#### [Data excerpt]
================================
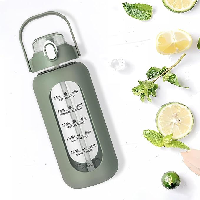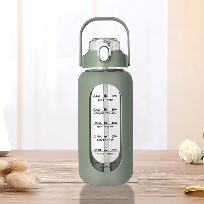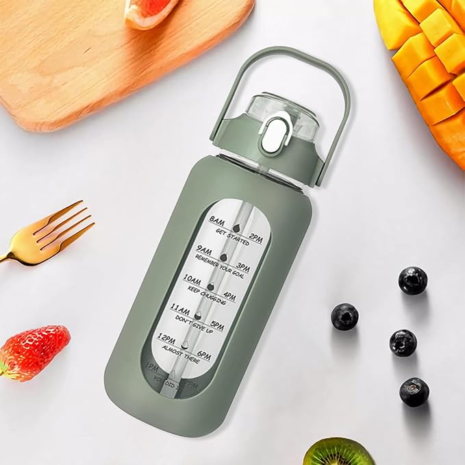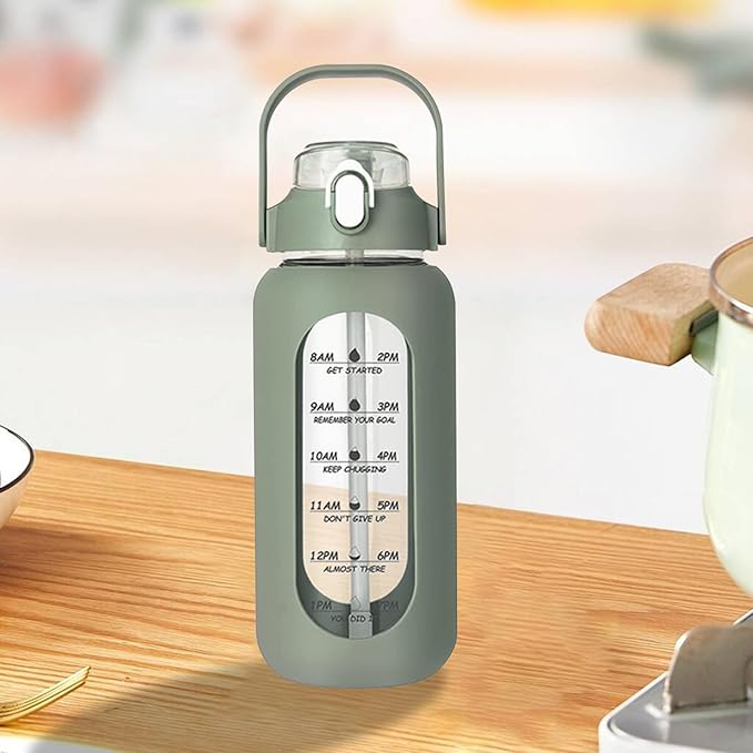 64oz Glass Water Bottle with Straw - Half Gallon Large Motivational Water Bottle with Silicone Sleeve Time Marker, Ideal for Gym, Sports, Workouts, Daily
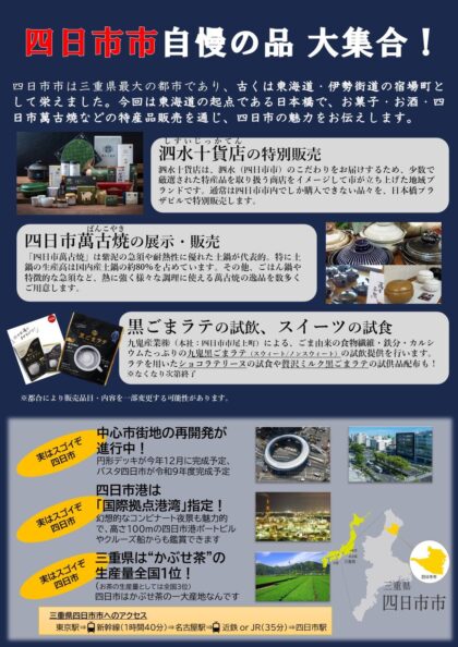今回は東海道の起点である日本橋で、お菓子·お酒·四日市萬古焼などの特産品販売を通じ、四日市の魅力をお伝えします。
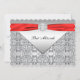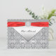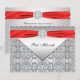 Élégant nœud en ruban de satin rouge diamanté avec un motif en dentelle de diamant argenté sur une invitation de Bat Mitzvah.
================================
#### [What is expected]
Would you set down each line of the data exactly, with no images included?

#### [Output of the exercise]
 64oz Glass Water Bottle with Straw - Half Gallon Large Motivational Water Bottle with Silicone Sleeve Time Marker, Ideal for Gym, Sports, Workouts, Daily
今回は東海道の起点である日本橋で、お菓子·お酒·四日市萬古焼などの特産品販売を通じ、四日市の魅力をお伝えします。
 Élégant nœud en ruban de satin rouge diamanté avec un motif en dentelle de diamant argenté sur une invitation de Bat Mitzvah.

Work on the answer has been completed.